# Prime Rib



## duneman101 (Nov 6, 2009)

Hey guys it's not game, but it was GOOD!!! This is a prime Rib i prepared for my team at work. I make one on new years day every year to for my family.

It's a 7 lb rib roast, bone on. First i rubbed it with some McCormicks Grill Mates Applewood seasoning the day before, it needs a good 24+ hours with the rub on it. then wrapped it tightly in saran wrap, and put it in the fridge. if you have a vacuum sealer that is better, but mines busted.

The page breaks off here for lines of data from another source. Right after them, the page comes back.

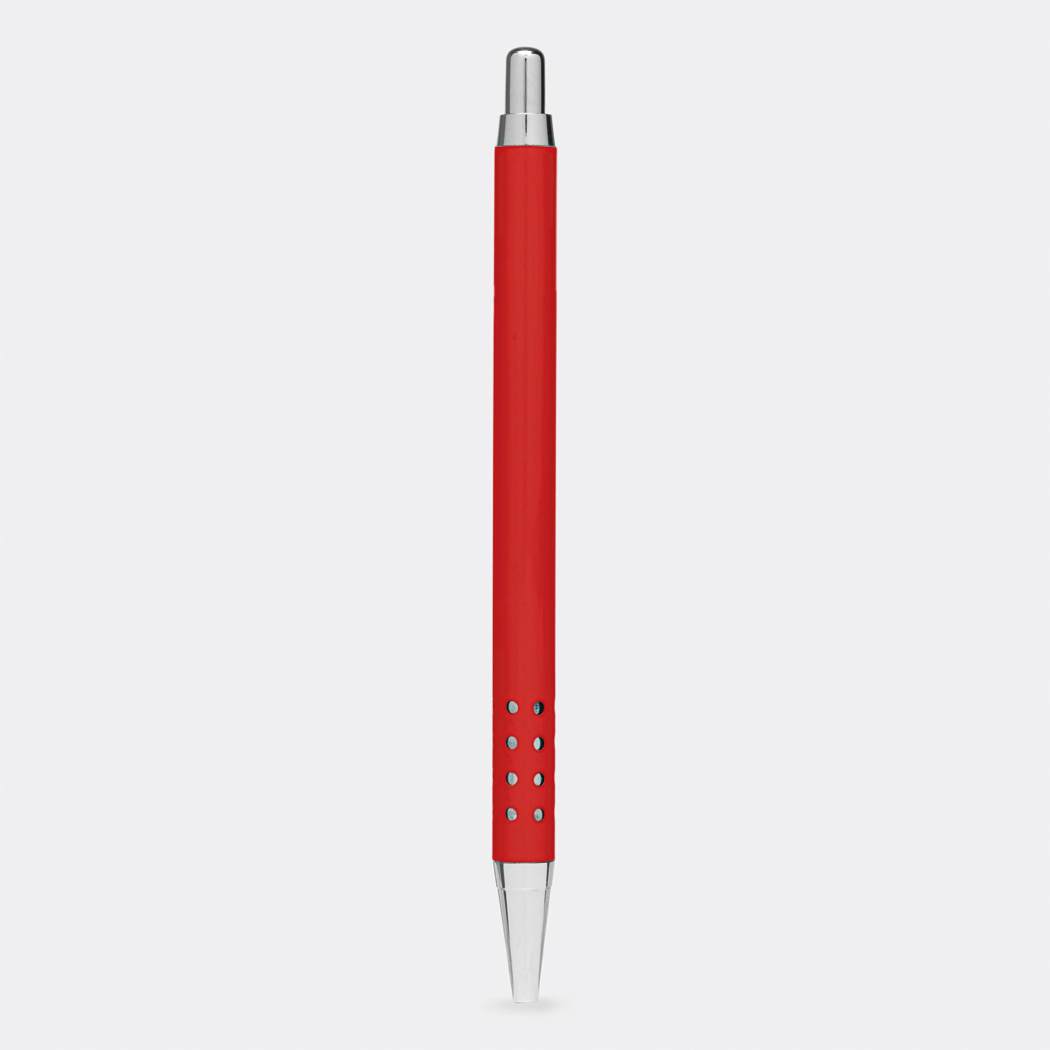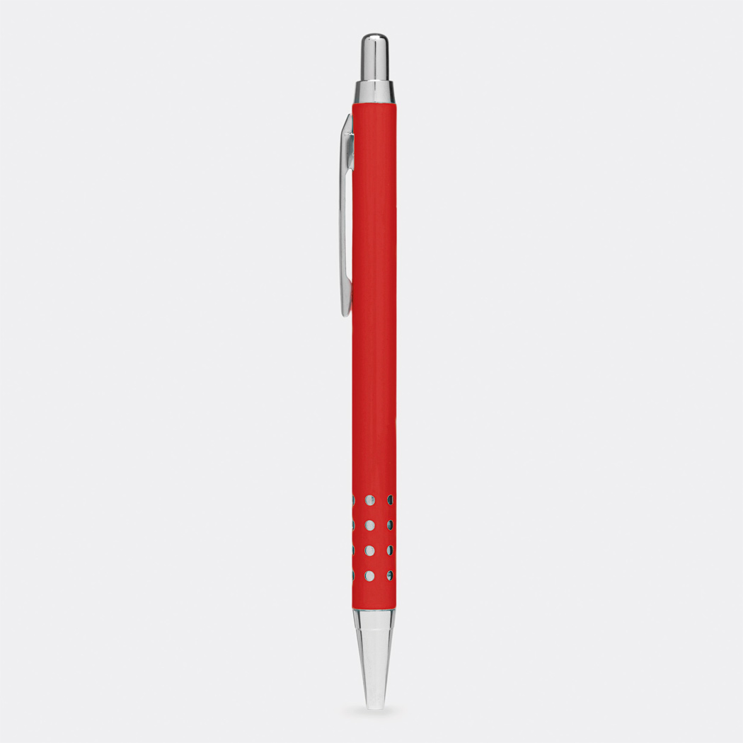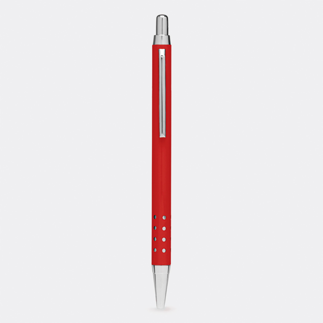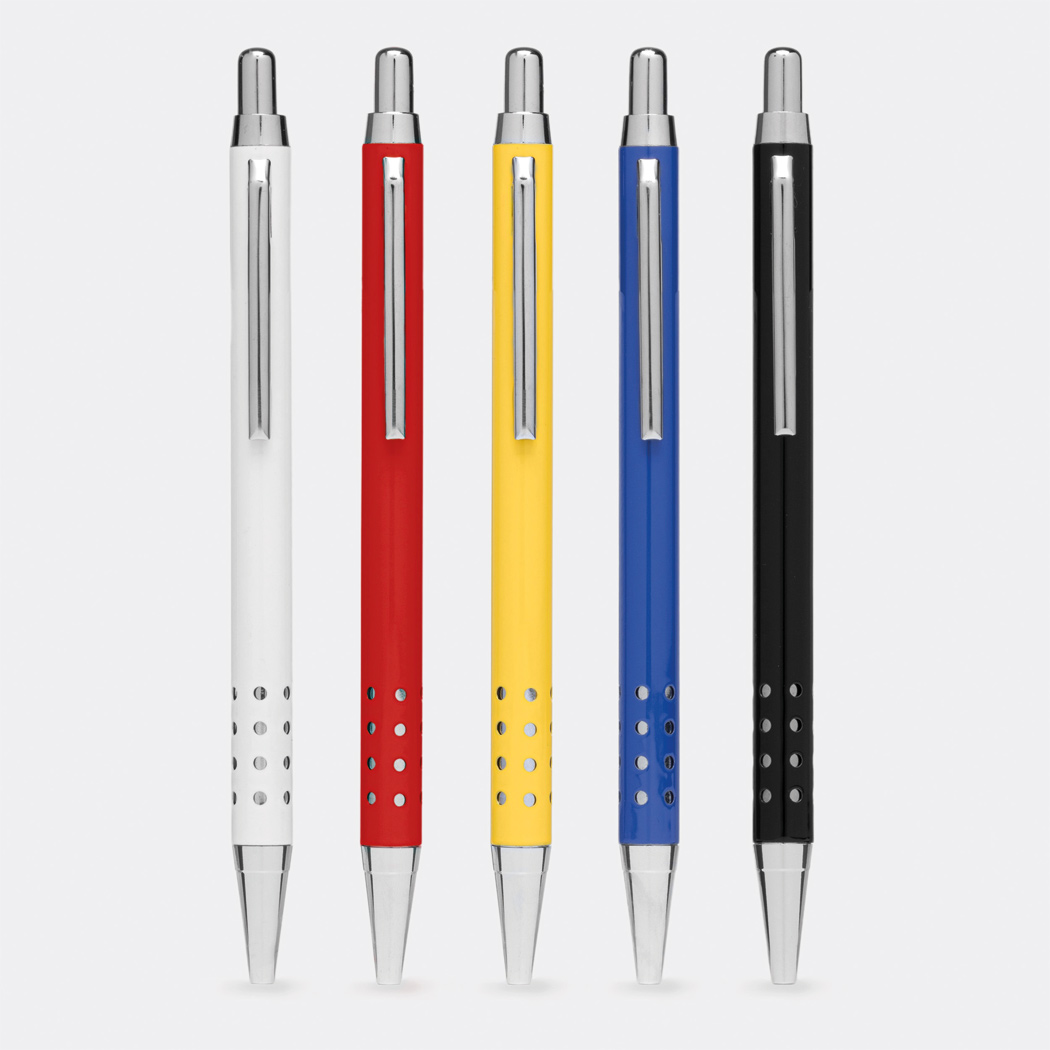 Messing-Kugelschreiber BUDAPEST: Schaft mit Loch-Design, Druckmechanismus, Großraummine, blauschreibend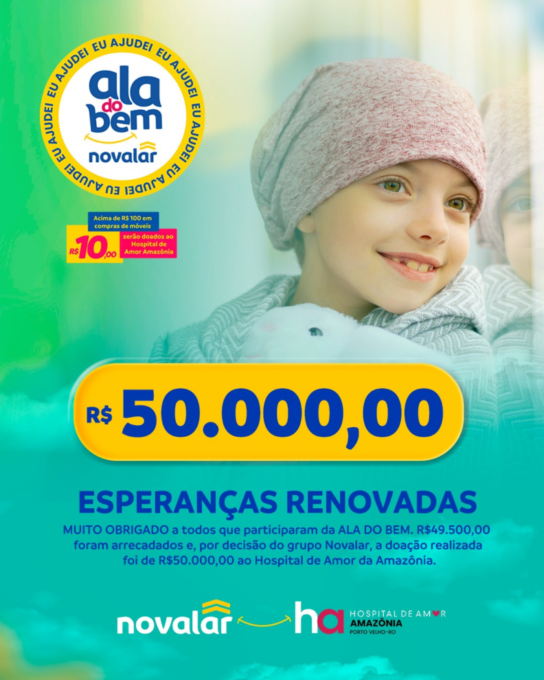 A Novalar, uma das maiores empresas de móveis e eletrodomésticos de Rondônia, acaba de realizar um antigo sonho: organizou uma grande campanha social que pudesse ajudar muitas pessoas no estado. Para isso, gestores e colaboradores criaram a campanha ALA DO BEM NOVALAR, que teve o objetivo de reverter parte da venda de móveis ao Hospital de Amor da Amazônia para contribuir financeiramente com os serviços de prevenção ao câncer, tratamento e reabilitação praticados pelo Hospital.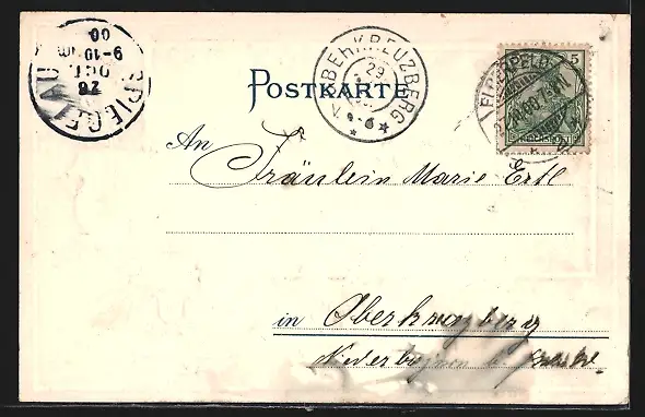 Personenbezogene Daten auf der Rückseite der Karte wurden durch blauen Textmarker unkenntlich gemacht. Die blauen Stellen sind auf die Vorderseite durchgeweicht und wirken sich negativ auf das Postkartenfoto aus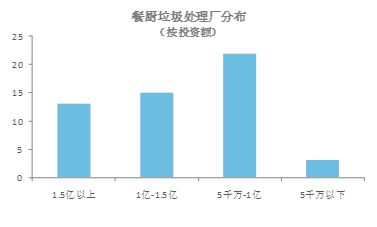 据E20数据中心不完全统计,目前在库餐厨项目处理规模基本处于200吨/日及以下,且50-100吨/日处理规模占比最多;投资额1亿元以下的餐厨厂占比约一半。从投资额与处理规模看,餐厨垃圾厂在市政基础设施投资建设中处于适中位置。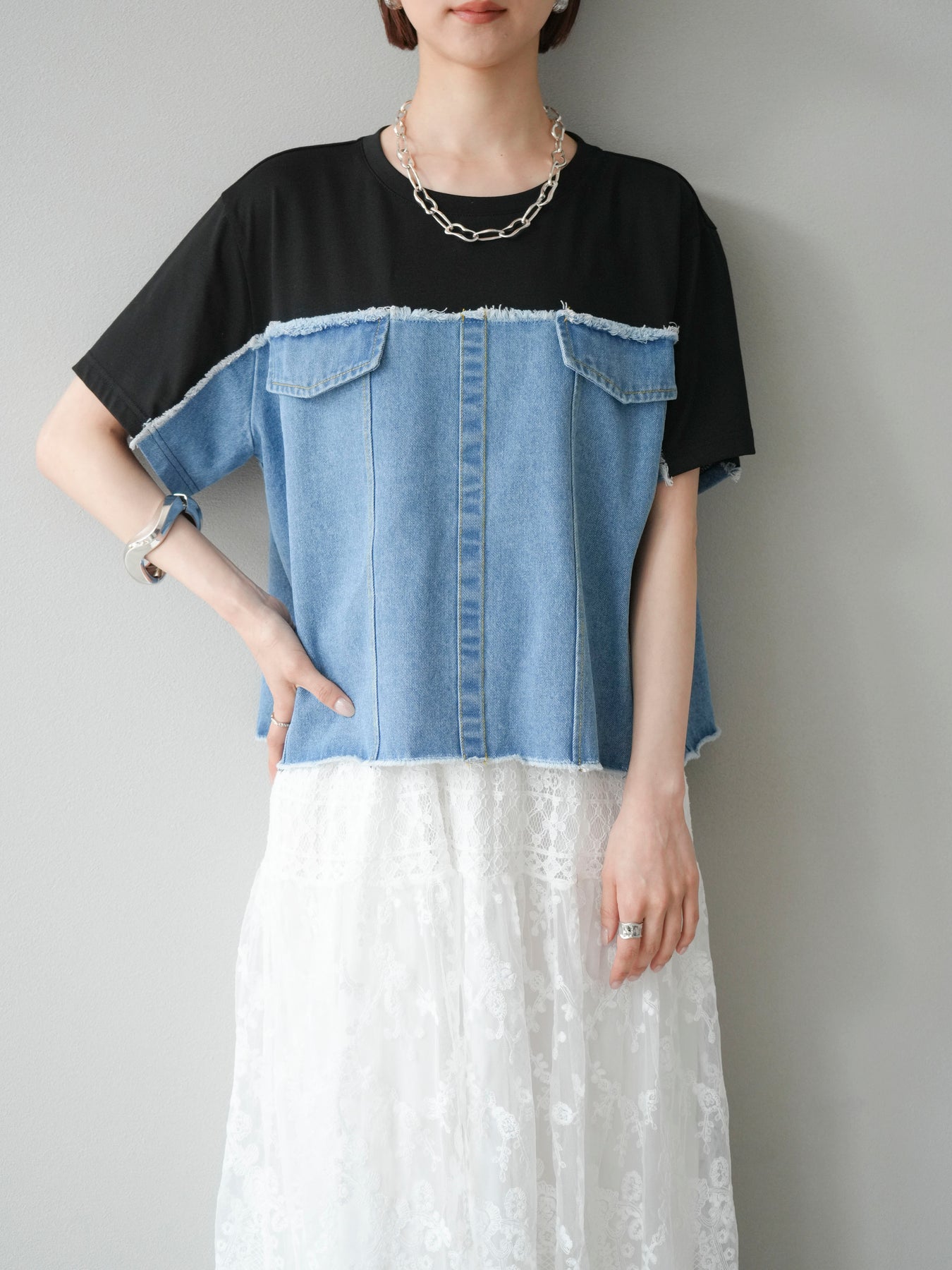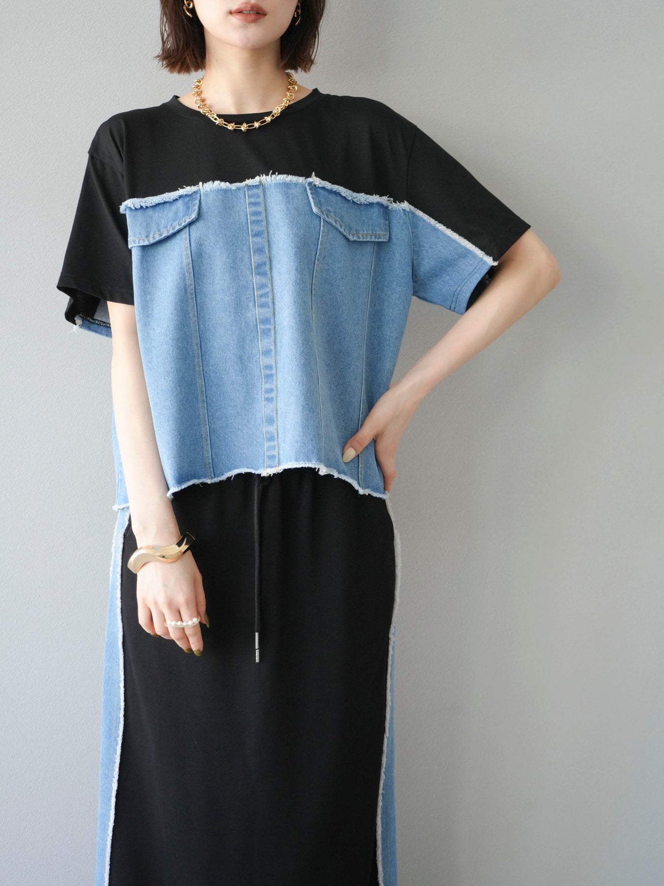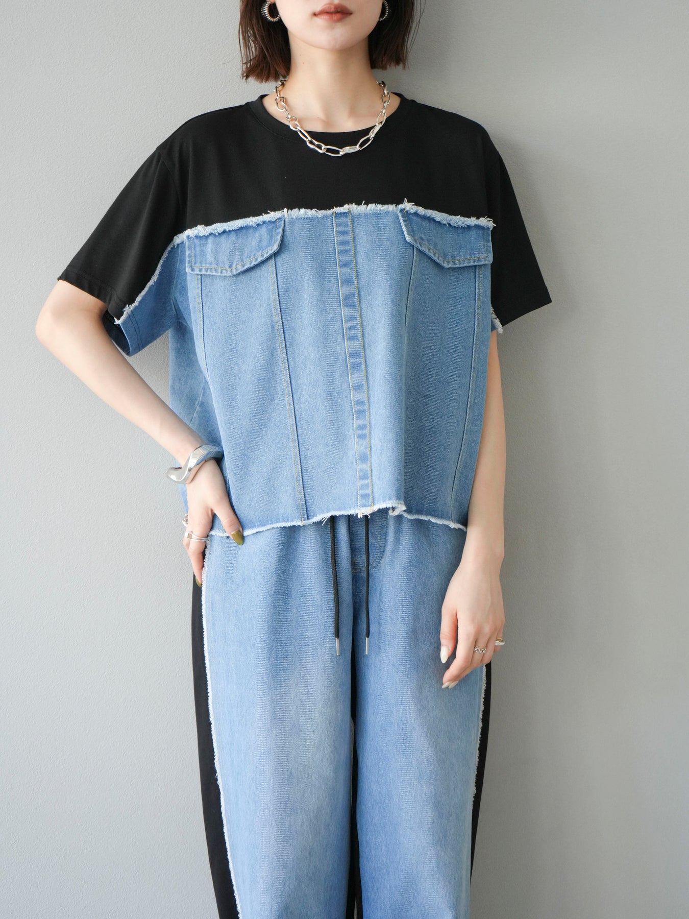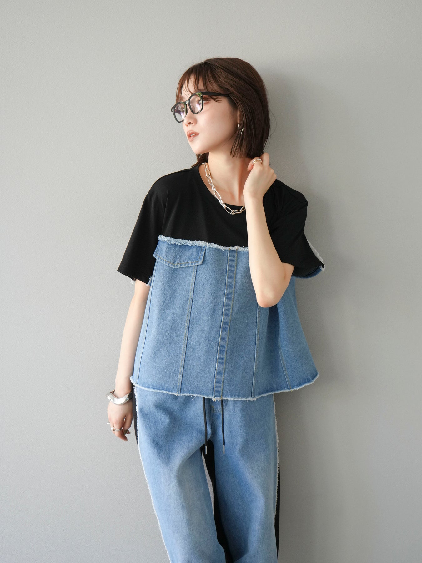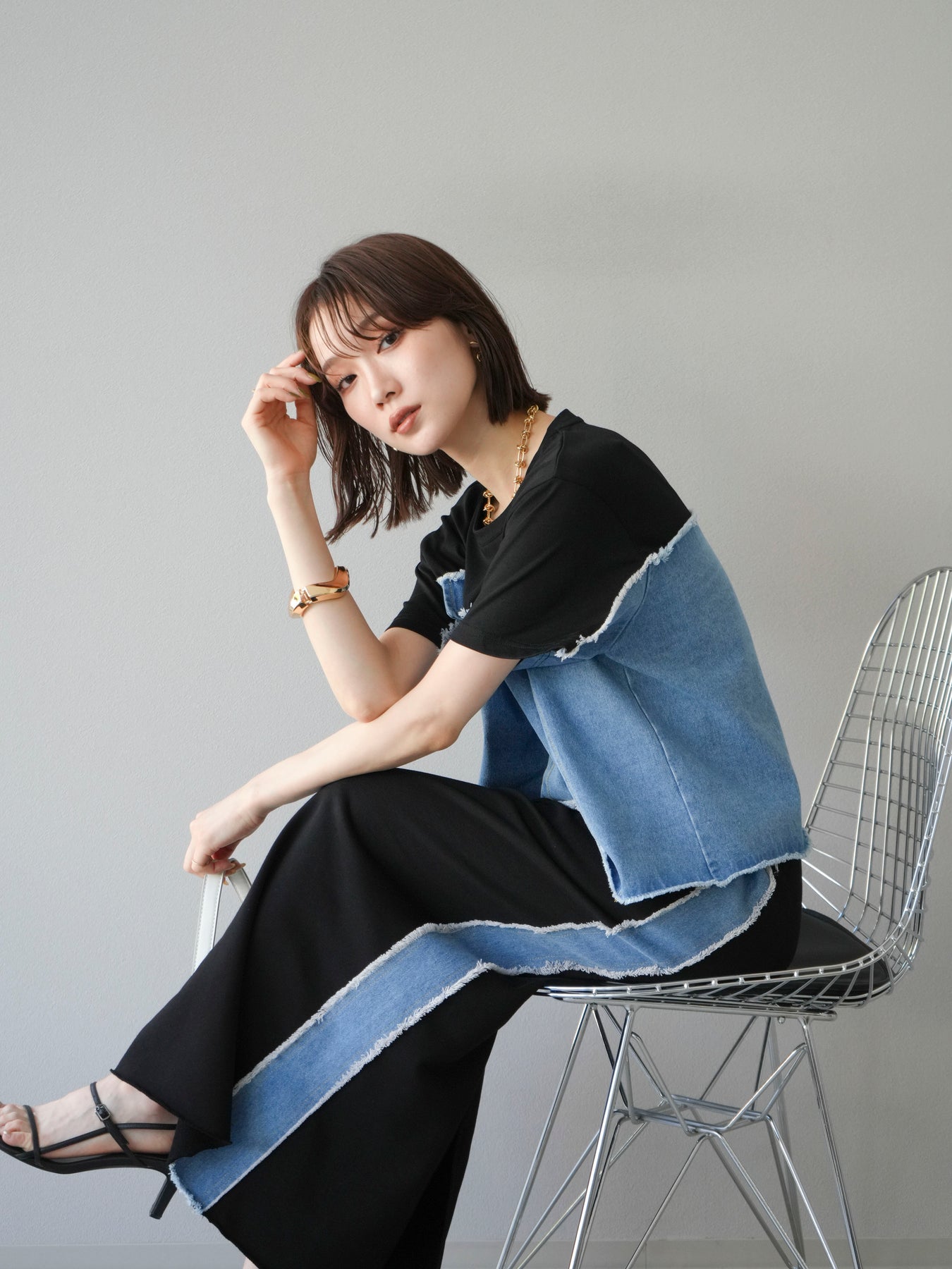 Tシャツとデニムをドッキングした、1枚で着映えるデザインカットソー。胸元にはリアルなフラップポケット風ディテールを施し、カジュアルながらもこなれた印象に。裾や切り替え部分のカットオフ仕様が、ラフさと抜け感をプラスします。パンツにもスカートにも合わせやすく、デイリーに活躍するアイテムです。 ※ボトムス、キャミソール(インナー)以外の商品は一律でインナーは付属していません。

Set it on the counter for about 2 hours before you start cooking to let it warm up to room temp. Put it in the rotisserie, it's one of those Ronco Showtime rotisserie's set it and forget it. About 18 min per pound puts it at meduim well, about 160 degrees after 10 min of rest. I prefer 145 medium rare, but i have some people on my team that don't like bloody meat. remove from rotisserie and wrap in tin foil for 10 min, cut and serve... i love min with creamed horseradish.

MMM GOOOD!!










If you don't have a rotisserie you can do this in the oven, preheat the oven to high broil, set the roast upside down on a cookie sheet, brown the bottom 10 minutes give or take, then flip the roast over, bones down and brown the top good and dark, then turn the oven down to 350 degrees and bake till an internal temp of 150 degrees (18 min per pound) remove and wrap in tin foil for 10 min cut and serve.


----------



## utahgolf (Sep 8, 2007)

mmmmmm!!! I'm borrowing my dad's ronco!!! where'd ya grab that cut of meat from?


----------



## duneman101 (Nov 6, 2009)

utahgolf said:


> mmmmmm!!! I'm borrowing my dad's ronco!!! where'd ya grab that cut of meat from?


Smiths!


----------



## MeanGene (Nov 18, 2008)

Oh man, what time is dinner on the first?


----------



## .45 (Sep 21, 2007)

Man...that looks good !! :EAT: 

Any potatoes or carrots with that meal?


----------



## Gumbo (Sep 22, 2007)

Looks great. I've cooked them about every way including grilling, smoking, rotisserie, and even deep frying (it's amazing, once you get over putting an expensive hunk of meat in the oil). Just take it off the heat at 115 internal and it will go to a perfect med-rare while resting.


----------